Sapevo che non ce n'erano in città, e che nessuno sapeva scrivere a macchina.

Avevo molti clienti, sia dal Comune che dal Tribunale, e spesso mi chiamavano a fare dei lavori direttamente nei loro uffici.

In questo modo, riuscivo a mantenere la mia famiglia, che nel frattempo era diventata più numerosa.

Mio padre e Luigia avevano avuto tre figli: Titti, Renato e Angela.

Il lavoro rendeva bene e tutto andava relativamente bene.

Ormai avevo 30 anni, avevo aperto la copisteria già da qualche anno e la mia vita sembrava essersi stabilizzata.

Una mattina, però, entrò in ufficio Salvatore, l'uomo che avrei sposato di lì a qualche anno.

Lo vidi quel giorno per la prima volta, un uomo attraente, di circa 35 anni, napoletano – lo sentivo da come parlava – e faceva l'ufficiale giudiziario.

Era venuto da me per farsi trascrivere dei documenti, come tutti del resto.

E come gli altri, pensavo che non l'avrei rivisto, se non sporadicamente, per trascrivere qualche altro documento.

Però lui non era come gli altri, anzi si faceva vedere spesso.

Anni dopo esserci sposati, mi rivelò che la maggior parte delle volte veniva in copisteria con la scusa di avere documenti da scrivere, ma in realtà voleva vedere solo me.

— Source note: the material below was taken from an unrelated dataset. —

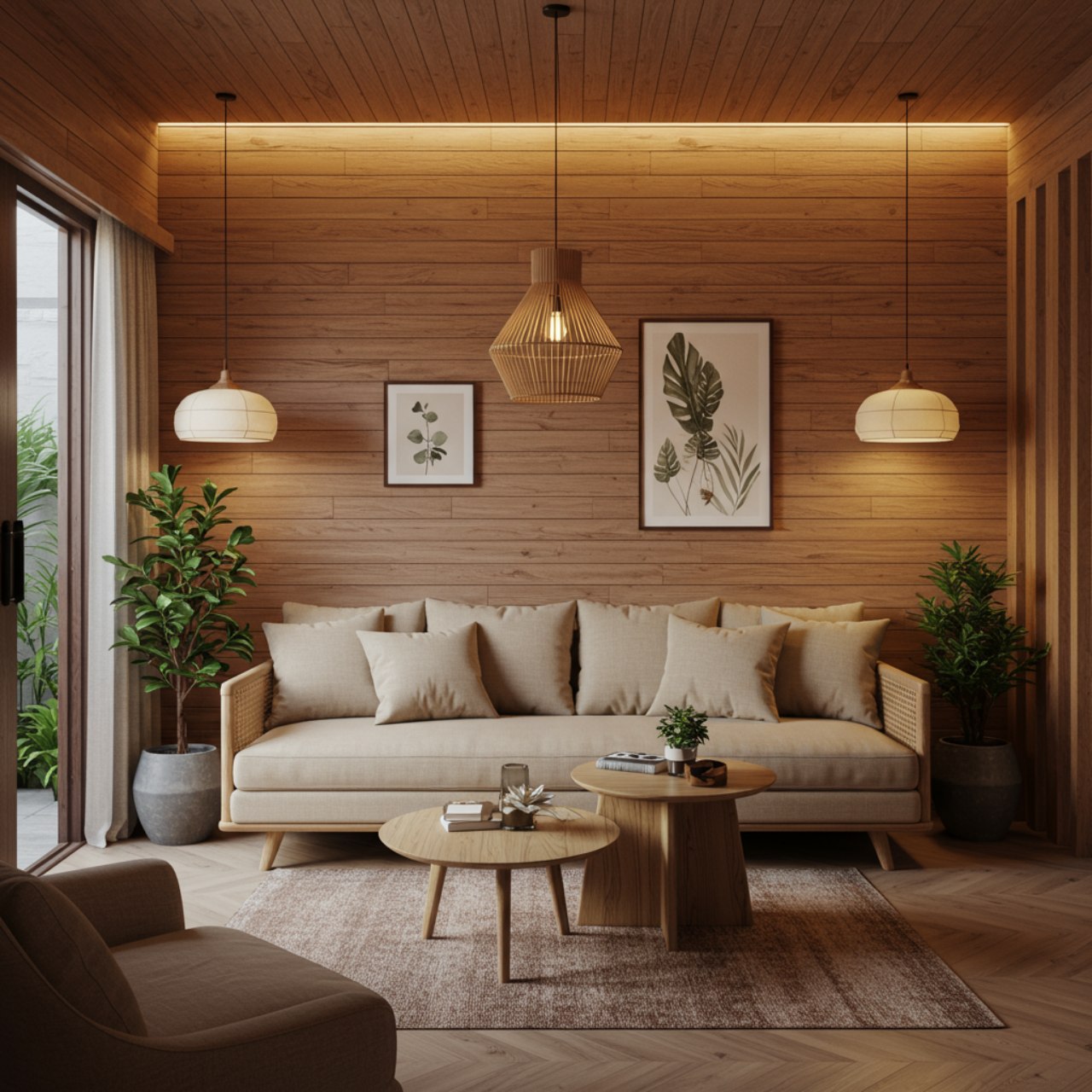 3. Ruang Tamu Natural Modern dengan Material Kayu
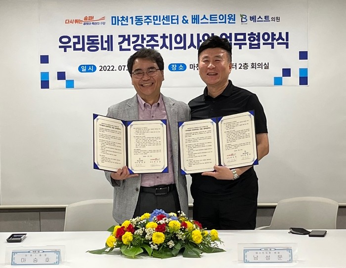이번 사업을 위해 마천1동 주민센터는 베스트의원과 업무협약을 체결했다.

Dopo tutto, non era la prima volta che qualcuno cercava di farsi notare. Quando ero a Torino è capitato che qualche giovane volesse uscire con me.

Io accettavo sempre e prendevo appuntamento, solo che poi non mi facevo più vedere.

Comunque, dopo qualche tempo, Salvatore mi fece la proposta, ma io rifiutai.

La mia famiglia aveva troppo bisogno di me e di quello che guadagnavo, e quindi non potevo certo lasciarla!

Mio padre, d'altro canto, voleva fossi felice, e lo stesso Luigia.

Poi, Salvatore, testardo, voleva sposarmi a tutti i costi, fece una cosa che mi colpì molto e che mi fece convincere del tutto: comprò una villa, grande, con molte stanze, in modo che i miei genitori e i miei fratellastri e Peppino, potessero vivere con noi.